→ Problem statement: In the records below, find the line holding "Ragazza in armatura" and the line holding "Currently, several players". Set down both, with every line between them, exactly.

→ Input material:
+ + + + + + +

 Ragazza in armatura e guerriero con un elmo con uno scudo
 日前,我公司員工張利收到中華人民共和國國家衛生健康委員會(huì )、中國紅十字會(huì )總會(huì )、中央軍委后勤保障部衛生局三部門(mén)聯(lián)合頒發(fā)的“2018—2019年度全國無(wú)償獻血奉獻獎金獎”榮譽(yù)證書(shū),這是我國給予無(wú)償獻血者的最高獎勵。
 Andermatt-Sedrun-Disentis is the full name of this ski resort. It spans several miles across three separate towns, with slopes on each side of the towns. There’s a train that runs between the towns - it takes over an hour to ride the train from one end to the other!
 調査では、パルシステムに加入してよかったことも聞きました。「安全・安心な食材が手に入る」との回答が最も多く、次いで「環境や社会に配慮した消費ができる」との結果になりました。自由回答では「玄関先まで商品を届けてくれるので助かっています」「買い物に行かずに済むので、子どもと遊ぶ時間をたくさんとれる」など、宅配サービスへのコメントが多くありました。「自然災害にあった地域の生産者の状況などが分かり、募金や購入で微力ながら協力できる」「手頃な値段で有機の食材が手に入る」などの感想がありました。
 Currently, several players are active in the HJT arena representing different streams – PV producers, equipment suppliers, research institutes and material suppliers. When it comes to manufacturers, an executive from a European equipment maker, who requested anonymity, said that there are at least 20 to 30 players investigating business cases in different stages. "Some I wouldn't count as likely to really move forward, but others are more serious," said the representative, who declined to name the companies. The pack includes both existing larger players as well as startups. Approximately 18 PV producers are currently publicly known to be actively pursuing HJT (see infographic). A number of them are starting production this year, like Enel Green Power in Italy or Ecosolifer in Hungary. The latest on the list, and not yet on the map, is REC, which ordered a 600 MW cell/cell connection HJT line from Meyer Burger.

+ + + + + + +

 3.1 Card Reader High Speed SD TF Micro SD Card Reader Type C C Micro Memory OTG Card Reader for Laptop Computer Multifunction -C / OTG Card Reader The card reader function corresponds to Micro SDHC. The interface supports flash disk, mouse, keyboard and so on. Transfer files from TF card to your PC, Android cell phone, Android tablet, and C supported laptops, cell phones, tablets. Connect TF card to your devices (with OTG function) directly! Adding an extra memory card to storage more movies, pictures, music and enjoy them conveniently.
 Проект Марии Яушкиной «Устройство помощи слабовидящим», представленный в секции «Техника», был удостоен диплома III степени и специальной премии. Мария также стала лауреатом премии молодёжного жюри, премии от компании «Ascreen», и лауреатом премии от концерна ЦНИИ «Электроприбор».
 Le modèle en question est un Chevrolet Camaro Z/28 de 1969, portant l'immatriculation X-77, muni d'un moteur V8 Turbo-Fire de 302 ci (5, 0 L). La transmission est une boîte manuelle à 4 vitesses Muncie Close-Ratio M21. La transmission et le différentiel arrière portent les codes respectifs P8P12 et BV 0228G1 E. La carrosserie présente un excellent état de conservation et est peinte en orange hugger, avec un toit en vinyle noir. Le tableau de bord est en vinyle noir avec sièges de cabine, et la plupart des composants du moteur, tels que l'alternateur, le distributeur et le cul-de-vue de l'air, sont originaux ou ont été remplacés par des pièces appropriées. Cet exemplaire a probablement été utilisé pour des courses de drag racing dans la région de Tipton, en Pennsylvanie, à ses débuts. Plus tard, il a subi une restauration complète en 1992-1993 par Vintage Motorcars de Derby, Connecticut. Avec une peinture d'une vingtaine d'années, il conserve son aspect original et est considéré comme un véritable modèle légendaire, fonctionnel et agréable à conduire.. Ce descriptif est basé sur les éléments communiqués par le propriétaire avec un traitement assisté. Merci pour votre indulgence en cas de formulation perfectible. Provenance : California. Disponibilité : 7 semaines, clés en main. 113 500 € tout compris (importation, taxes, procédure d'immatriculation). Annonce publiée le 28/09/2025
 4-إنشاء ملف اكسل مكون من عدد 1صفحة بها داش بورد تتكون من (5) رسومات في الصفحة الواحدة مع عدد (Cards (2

+ + + + + + +

→ Solution to this exercise:
 Ragazza in armatura e guerriero con un elmo con uno scudo
 日前,我公司員工張利收到中華人民共和國國家衛生健康委員會(huì )、中國紅十字會(huì )總會(huì )、中央軍委后勤保障部衛生局三部門(mén)聯(lián)合頒發(fā)的“2018—2019年度全國無(wú)償獻血奉獻獎金獎”榮譽(yù)證書(shū),這是我國給予無(wú)償獻血者的最高獎勵。
 Andermatt-Sedrun-Disentis is the full name of this ski resort. It spans several miles across three separate towns, with slopes on each side of the towns. There’s a train that runs between the towns - it takes over an hour to ride the train from one end to the other!
 調査では、パルシステムに加入してよかったことも聞きました。「安全・安心な食材が手に入る」との回答が最も多く、次いで「環境や社会に配慮した消費ができる」との結果になりました。自由回答では「玄関先まで商品を届けてくれるので助かっています」「買い物に行かずに済むので、子どもと遊ぶ時間をたくさんとれる」など、宅配サービスへのコメントが多くありました。「自然災害にあった地域の生産者の状況などが分かり、募金や購入で微力ながら協力できる」「手頃な値段で有機の食材が手に入る」などの感想がありました。
 Currently, several players are active in the HJT arena representing different streams – PV producers, equipment suppliers, research institutes and material suppliers. When it comes to manufacturers, an executive from a European equipment maker, who requested anonymity, said that there are at least 20 to 30 players investigating business cases in different stages. "Some I wouldn't count as likely to really move forward, but others are more serious," said the representative, who declined to name the companies. The pack includes both existing larger players as well as startups. Approximately 18 PV producers are currently publicly known to be actively pursuing HJT (see infographic). A number of them are starting production this year, like Enel Green Power in Italy or Ecosolifer in Hungary. The latest on the list, and not yet on the map, is REC, which ordered a 600 MW cell/cell connection HJT line from Meyer Burger.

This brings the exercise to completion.